- Born: 1972 (age 52–53) Turkmenistan
- Occupations: Psychotherapist; activist;

= Yuma Yuma =

Psychotherapist and LGBT rights activist

Yuma Yuma (Юма Юма; born 1972), known simply as Yuma, is a Turkmen-born Russian psychotherapist and LGBT rights activist. She became known in Russia after appearing on an advertisement by the supermarket chain VkusVill along with her lesbian family.

==Biography==
Yuma became an activist for LGBT rights after the Federal Assembly passed its gay propaganda law in June 2013. She provides psychological assistance to LGBT community from Chechnya who said Russian police tortured them in 2017 and 2018. She has also supported LGBT festivals and events in her country.

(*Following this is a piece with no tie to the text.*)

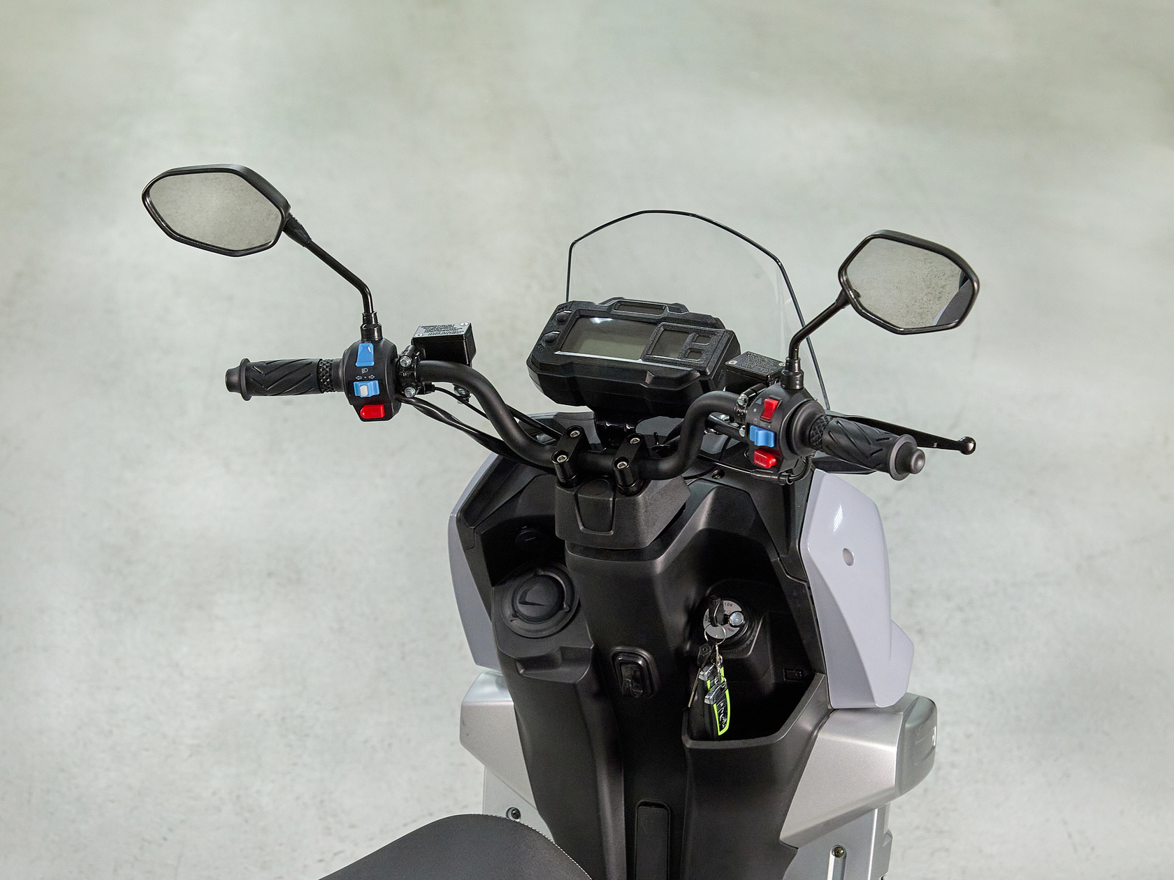 • Эксклюзивный дизайн с X-образной LED-фарой: Яркая и мгновенно узнаваемая оптика задает новый стандарт стиля в классе. Это не просто скутер, это заявление о вашей индивидуальности. Плюс двухрежимные противотуманные фары для полной видимости в любую погоду.

On 30 June 2021, the advertisement “Recipes for a Happy Family” was published on the VkusVill website, which described families buying products in the supermarket chain. It depicts the story of an LGBT family, which caused polarizing reactions in Runet. Some media reported the first case of support for the LGBT movement in the history of the company. However, after the material was distributed among ultra-conservative Telegram channels, VkusVill, as well as the families of the women from the ad, began to receive threats, including physical violence. As a result of public outcry, the company's management removed the ad from their website and social networks and apologized for their mistake. Due to the threats, Yuma and her partner and daughters fled Russia for Spain.

In August 2021, Yuma moved to Barcelona together with her partner Zhenya, their daughters Alina and Mila and Alina's partner Ksyusha.

==Awards and recognition==
In 2021, Yuma was listed as one of the BBC 100 Women of the year.